Vai al contenuto

LA RAI PIU’ A PARTE CHE DI PARTE

Perde le sfide degli ascolti e non vince quelle della qualità – 

La stagione televisiva in corso rischia di essere ricordata come una delle più difficili per la Rai. Mediaset ha preso il largo, forte di numeri chiari e inequivocabili. Il prossimo 27 settembre il Consiglio di amministrazione dell’azienda di viale Mazzini sarà chiamato a un confronto interno, ma i dati parlano già da soli e raccontano di un’azienda in affanno, schiacciata da una concorrenza commerciale che non dovrebbe nemmeno essere il suo terreno naturale.
Già, perché la Rai – va ricordato – è servizio pubblico. E (o dovrebbe essere) cultura, pluralismo, informazione autorevole, crescita sociale. Eppure da tempo sembra aver smarrito questa identità, scegliendo invece di seguire format commerciali e conduttori popo-lari, nel disperato tentativo di pareggiare i conti con Mediaset. Ma Mediaset è un’azienda privata, vive di pubblicità, insegue profitti, fa spettacolo per guadagnare ed è giusto così. Al contrario, la Rai vive di canone e quindi grazie al contributo del cittadino.
Ha un obbligo di qualità, non soltanto di ascolti. Tuttavia oggi sembra vergognarsi di questa missione e il risultato è palese: non soltanto non riesce a battere l’azienda di Pier Silvio Berlusconi sul piano della quantità, ma perde anche la propria unicità.

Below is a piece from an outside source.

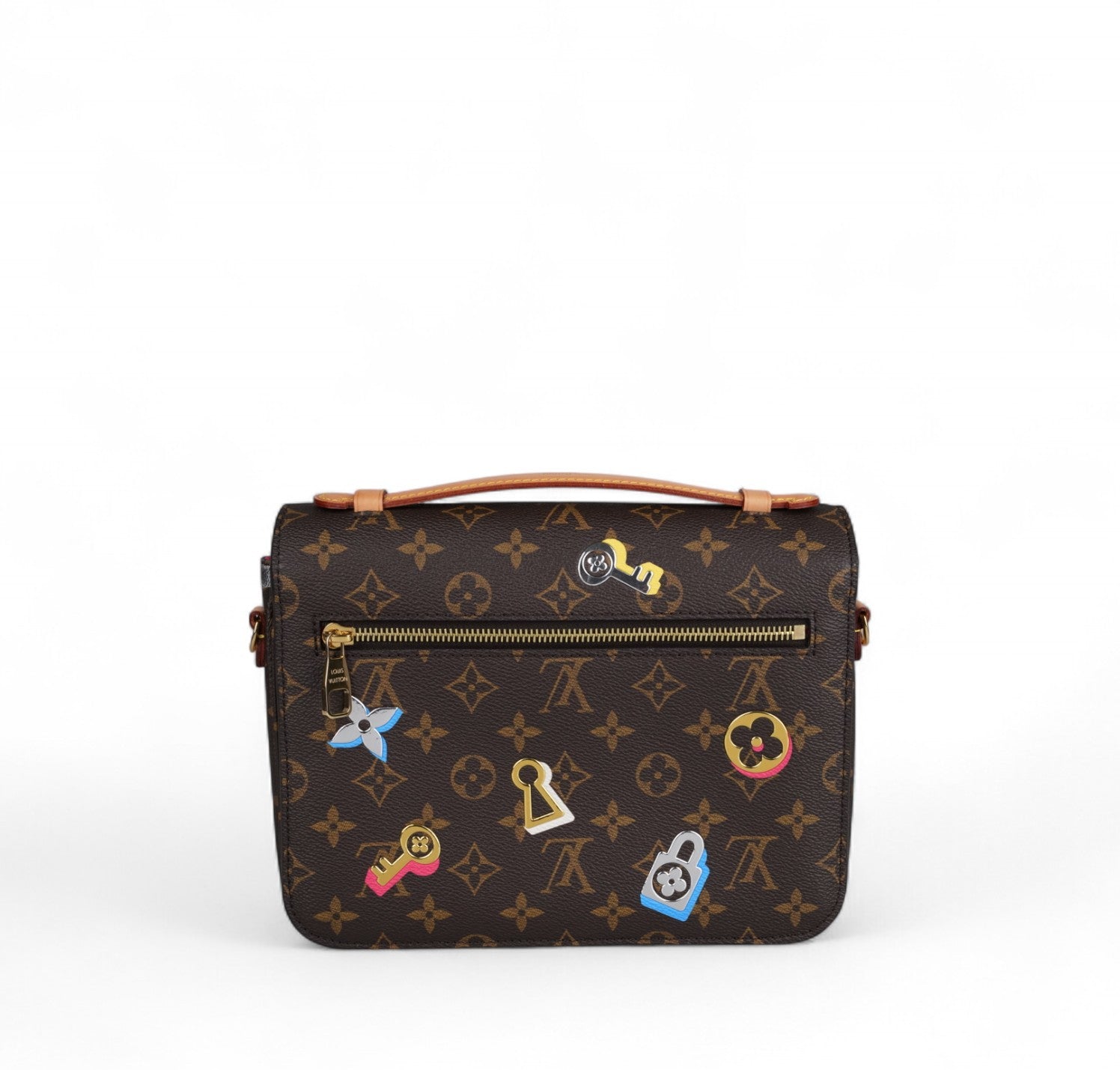 Borsa Louis Vuitton, modello Pochette Métis Monogram Lovelock, Edizione limitata realizzata in Tela Monogram arricchita da un'esclusiva stampa con serrature, chiavi e cuori dai colori vivaci. Un modello compatto ma capiente, dotato di chiusura a S-lock in metallo dorato e interno foderato in microfibra fucsia. Completa di tracolla regolabile, può essere portata a spalla o crossbody. Condizioni generali ottime. È presente un segno d’uso evidente sul lato del canvas (visibile in foto), riparabile tramite la boutique ufficiale. Il prezzo tiene conto di questo dettaglio, lasciando l'opzione di restauro o la possibilità di indossarla così com'è, ad un prezzo vantaggioso.

Perde la sua ragion d’essere e con essa pure l’autorevolezza.
Singolare e alquanto curioso, in queste settimane, è stato il sorpasso di ascolti nel preserale di Gerry Scotti (24,7%), volto storico e consolidato che ha superato Stefano De Martino (21,1%), scelto dalla Rai come scommessa generazionale. Doveva essere il segnale del cambiamento, un ponte verso il pubblico più giovane, ma la scommessa a oggi è fallita per assenza di lungimiranza. La televisione pubblica non costruisce più progetti: insegue mode, sperando che basti. Ora si vocifera di un possibile rimpasto nel Cda.
Nuove nomine, nuovi equilibri. Ma chi pensa che basti cambiare poltrone per invertire la rotta, sbaglia diagnosi. Il problema non è soltanto chi guida la Rai, ma dove la si vuol portare. Se l’obiettivo è soltanto quello di inseguire la percentuale di ascolto, la sconfitta è già scritta; ma se invece si ricomincia a puntare sulla qualità, sulla formazione, sull’approfondimento, allora sì che la Rai può tornare centrale.
Da decenni si sente ripetere che, per guarire dalla sua malattia, alla Rai serve una nuova e seria riforma del modello di governance, perché il Consiglio di amministrazione non può continuare a esser lottizzato tra i partiti ma deve basarsi su competenza, indipendenza e visione, puntando a una vera depoliti-cizzazione. E sempre da decenni leggiamo e ascoltiamo proposte valide ma mai concretizzate, come la nomina dei membri attraverso selezioni pubbliche o autorità indipendenti al posto di Camera e Senato, l’attribuzione della gestione a una Fondazione autonoma sul modello della Bbc nel Regno Unito, la valutazione del direttore generale o dell’amministratore delegato, con più poteri e meno influenze politiche sul Consiglio di amministrazione. Tutto questo non è utopia.
È una condizione necessaria per ridare dignità e futuro al servizio pubblico.
Investire in cultura, divulgazione e informazione è la terapia giusta. Alla fine di questa stagione sarebbe bello poter dire che la televisione pubblica ha vinto non perché ha fatto più ascolti ma perché ha fatto meglio. Agli ascolti pensi chi vuole inseguire le classifiche. La Rai, diversamente, pensi a distinguersi per valore e credibilità.